We found that empathy increases if a close team member has an impediment that they could fix. If the person right next to you is struggling because of something that you could actually take care of yourself, they're more likely to take care of that problem when they're next to each other, when they're a cross-functional team.
We typically found that teams that are cross-functional are more fruitful when they're all in the same location, or they at least all bond with each other on a regular basis. I think that stuff's pretty obvious.
We found that using the same or closely coupled tool set will create less friction in the more expensive switches. This means if I'm going to a different task that's a different product, or if I'm going to a different task that's potentially a different station, if it is in the same tool set and I'm very comfortable, then it's easier and has less friction for me to do that context switch.
This is where tools like Tasktop are extremely helpful, because you can replicate an entire ALM tool in another ALM tool so that nobody has to go out of their comfort zone. This can help throughput.
We found that if one of the other stations or one of the other context switches that you're doing has a significant number of manual tasks, it ends up becoming very draining and adds more friction to whether or not you should switch to it.
A culture of mentoring and training typically increases throughput. This one's kind of obvious. From a brain surgeon perspective, I'm pretty sure after an entire eight years, 12 years of education, they don't just walk in and start doing surgery on brains. They probably watched a few.
I think what's interesting is I find it's very unhealthy if a department doesn't factor in training or mentoring into their capacity.

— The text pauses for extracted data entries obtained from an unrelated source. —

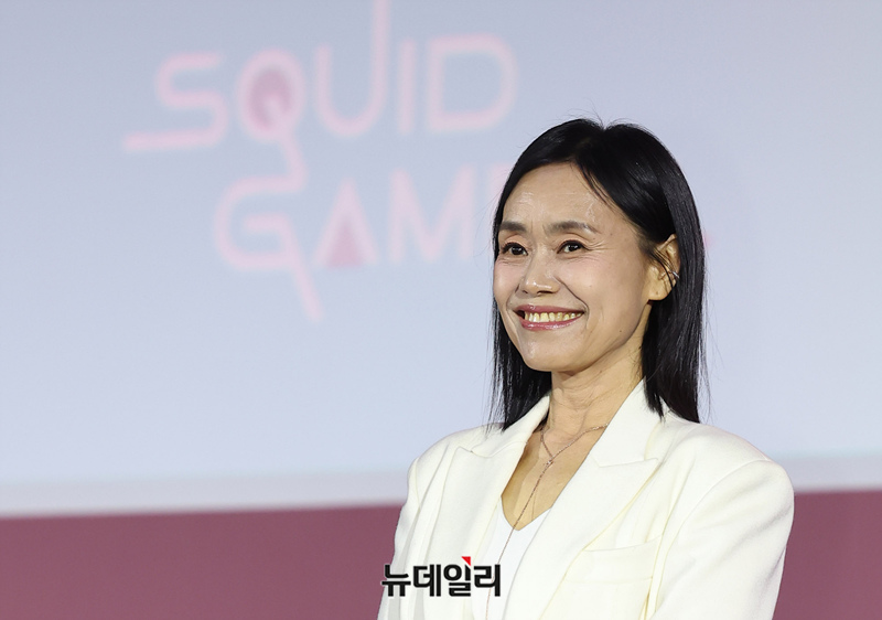 배우 강애심이 9일 오전 서울 중구 동대문디자인플라자에서 열린 넷플릭스 오징어게임2 제작보고회에서 포즈를 취하고 있다.오징어 게임 시즌2는 복수를 다짐하고 다시 돌아와 게임에 참가하는 ‘기훈’(이정재)과 그를 맞이하는 ‘프론트맨’(이병헌)의 치열한 대결, 그리고 다시 시작되는 진짜 게임을 담은 이야기다.배우 이정재를 포함해 시즌1에서 돌아온 이병헌, 위하준, 공유 그리고 시즌2에 새롭게 합류한 임시완, 강하늘, 박규영, 이진욱, 박성훈, 양동근, 강애심, 이서환, 조유리 등이 탄탄한 앙상블을 선보인다. 26일 넷플릭스 공개.
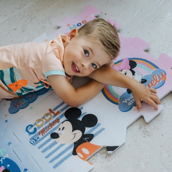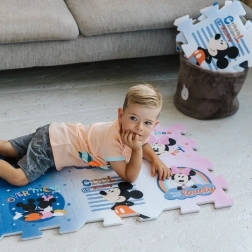 Sumérgete en el mundo del juego con este rompecabezas de espuma que presenta imágenes del querido Mickey y sus amigos. El rompecabezas está hecho de un material especial que no es la típica espuma EVA acanalada, sino que recuerda a una esterilla gruesa o a un mirelón de varias capas.
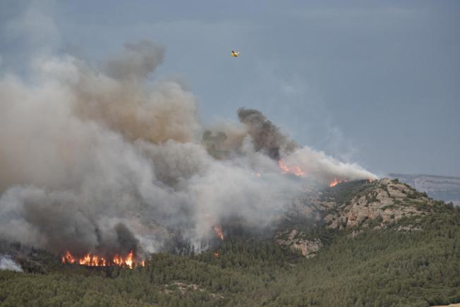 15/06/2022. Els Bombers de la Generalitat treballen en l'extinció de vuit incendis, encara que són dos els de més magnitud, el d'Artesa de Segre (Lleida), que ja afecta unes 500 hectàrees de vegetació, i el de Corbera d'Ebre (Tarragona), on es treballa en una àrea de 200 hectàrees. / Foto: Ramon Gabriel.
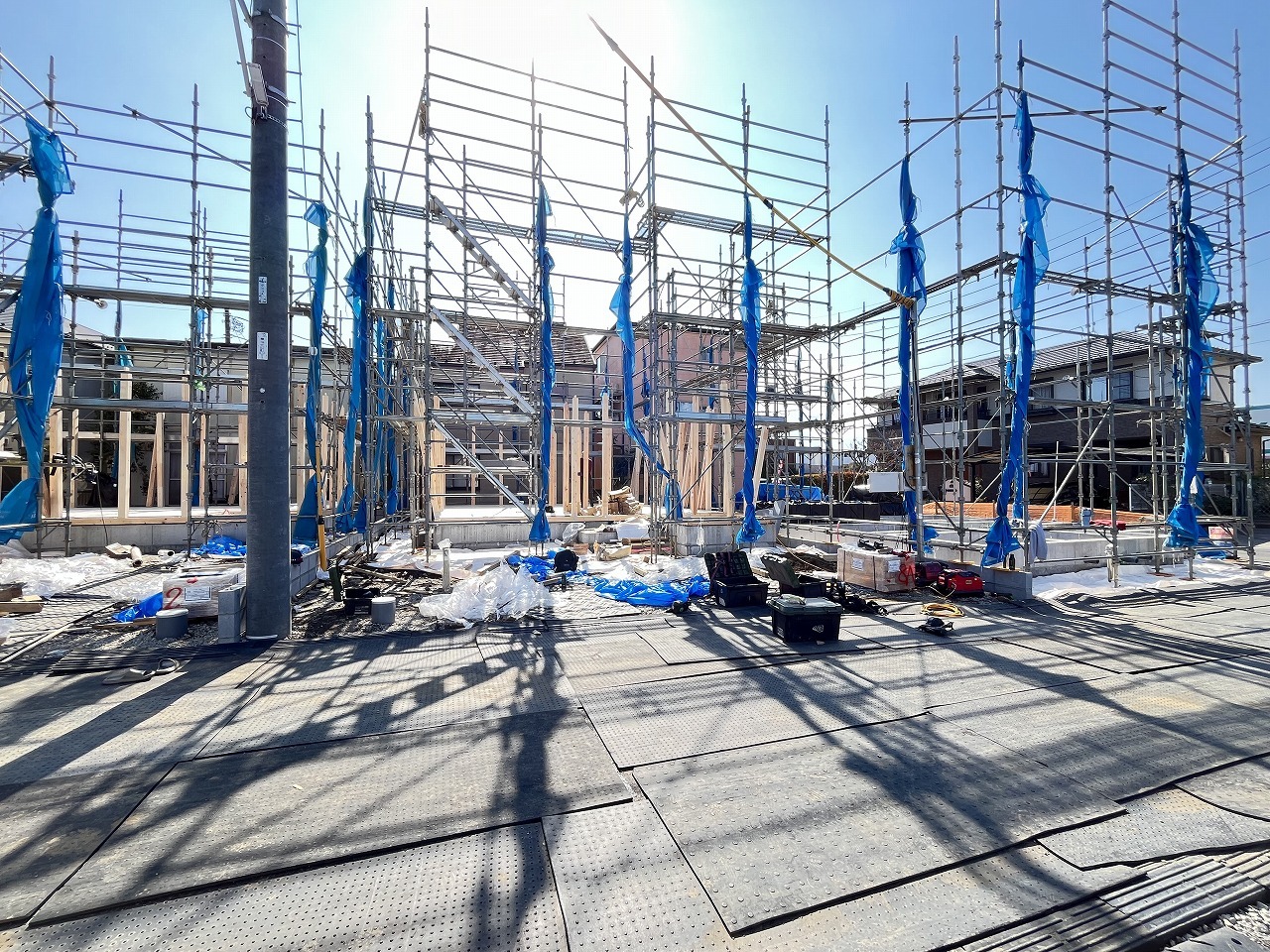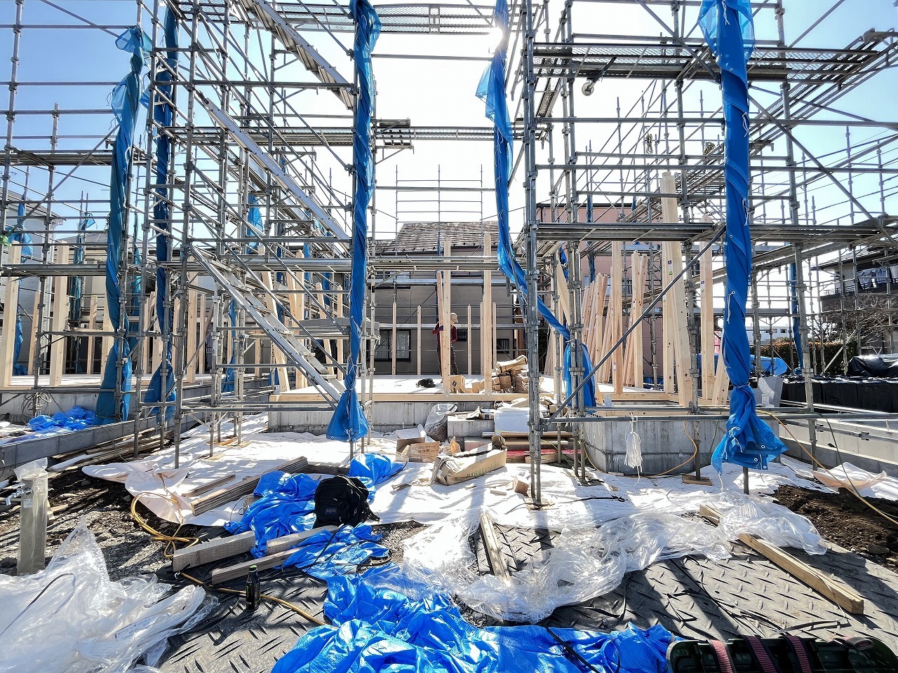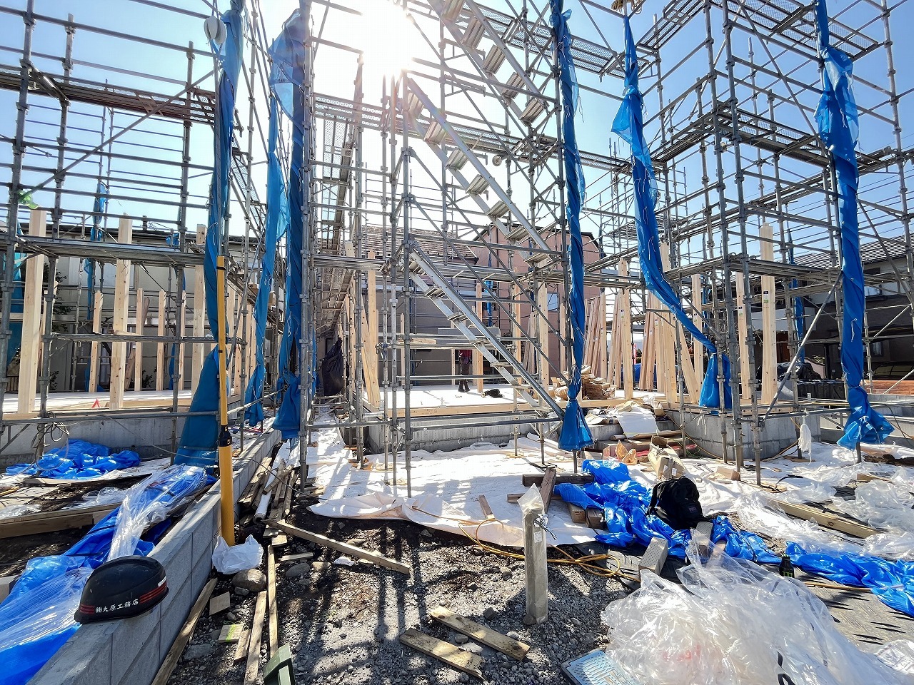 2号棟 青いシートに覆われた未来の住まい、その骨格が形作られ、これから始まる新しい暮らしの予感が、澄み渡る青空の下に広がっています 2026/04/03m
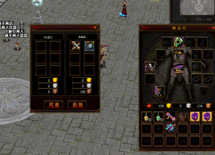 左键点击下背包中的装备拖入交易栏,游戏币交易直接在交易栏输入金额数量,双方同意后完成交易
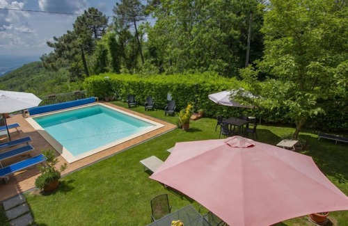 Very beautiful, cosy 2-family house "Matteo", 469 m a.s.l renovated in 2018, surrounded by trees. In a quiet, sunny, elevated position. For shared use: garden 150 m2 (fenced) with plants and flowers, swimming pool (7 x 5 m, seasonal availability: 01.Apr. - 15.Oct.) with salt water. Garden furniture, public parking 50 m on the road. Grocery 100 m, supermarket 10 km, restaurant 1.5 km, bar 100 m, bus stop 100 m, railway station 15 km. Walking paths from the house 5 km. Nearby attractions: Montecatini Terme 15 km, Pistoia 203 km, Firenze 55 km. Well-known ski regions can easily be reached: abetone 40 km. Please note: baby equipment (included). Groups of teenagers on request only.
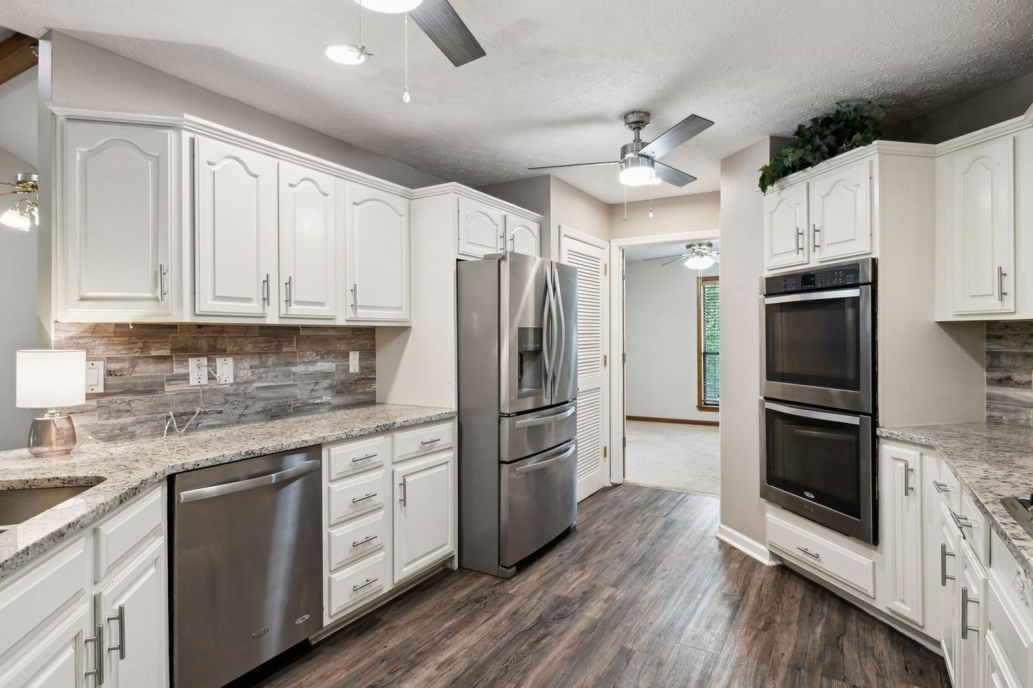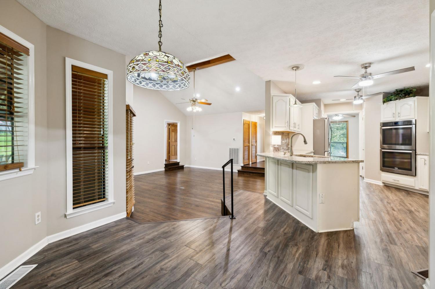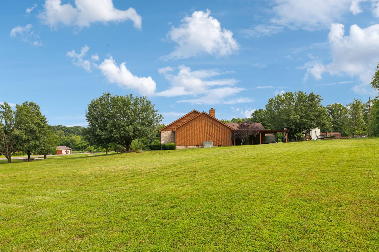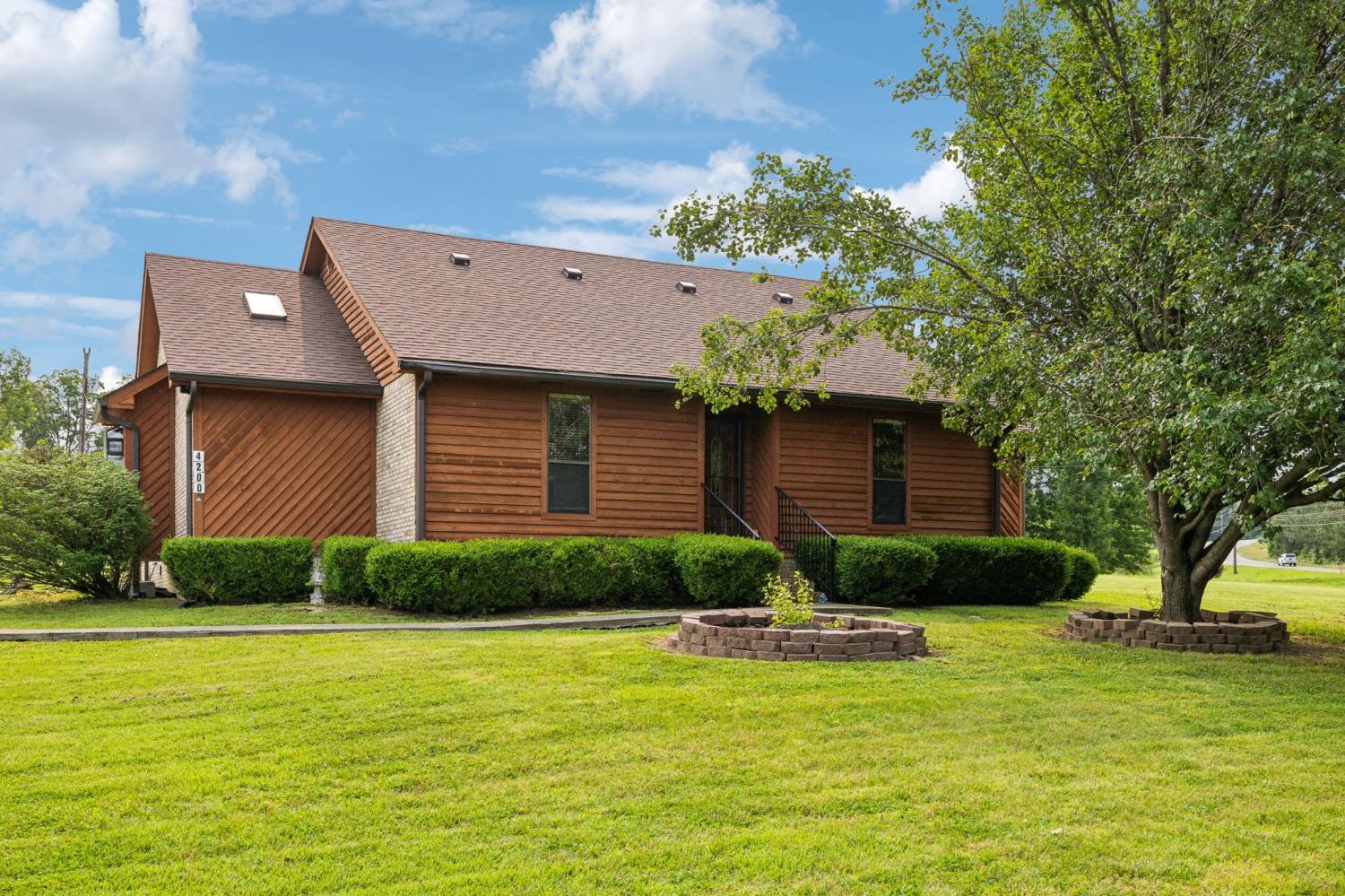 Nothing boring to see here~a perfect view with the home situated on a corner lot~this once custom built home maintains some of the modern amenities like an open floorplan and beautifully updated kitchen~the kitchen has plenty of cabinet and counter space, granite counters and a tile backsplash that shows off the stainless appliances~bathrooms with skylights and tile floors OH MY! Vaulted ceilings and fabulous hardwood floors~master suite that leads you to the large master bath that with tiled shower and makeup vanity area~do you need a space for entertaining, just step outside to the spacious covered patio~Roof was new in 2024~also new HVAC (2024) and another bonus is city sewer was connected in January 2025~Only 20 minutes to Nashville but also centrally located to Springfield and Clarksville
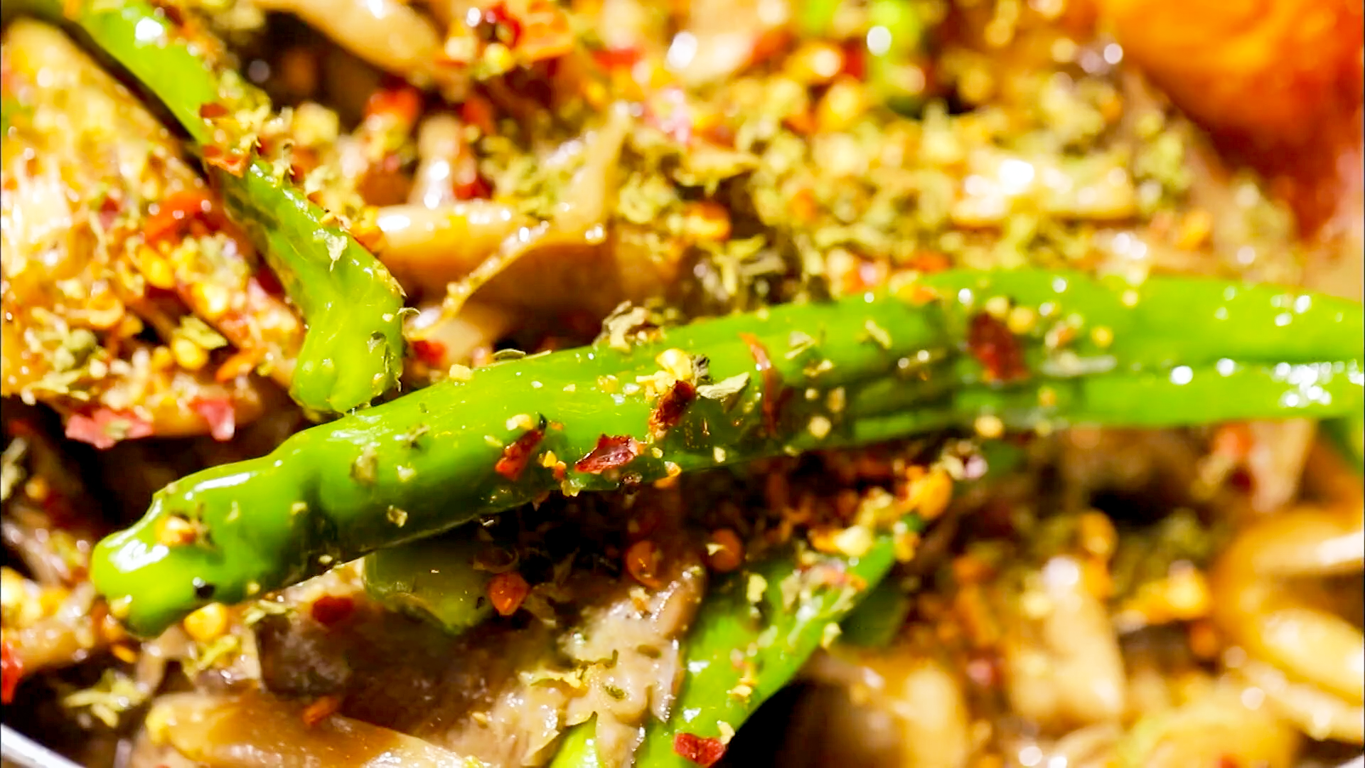 마늘 기름에 느타리버섯과, 꽈리고추가 아주 잘 어우러져 있습니다.

I think this is really, really important. I think the only way you're going to train the next generation that will run your company is if you actually focus on training just as important as everything else.
We still need your help. We still have a ton of problems. I know all of these particular positions are needed heavily in the UK. That's where I live now, in England. I know that Portland, Oregon, is where JLR has a research and development campus. I know they're in heavy demand for these positions as well.
So I want to thank everyone for their time, thank Gene Kim, and thank the conference for inviting me to talk. Have a good rest of your conference. Thanks.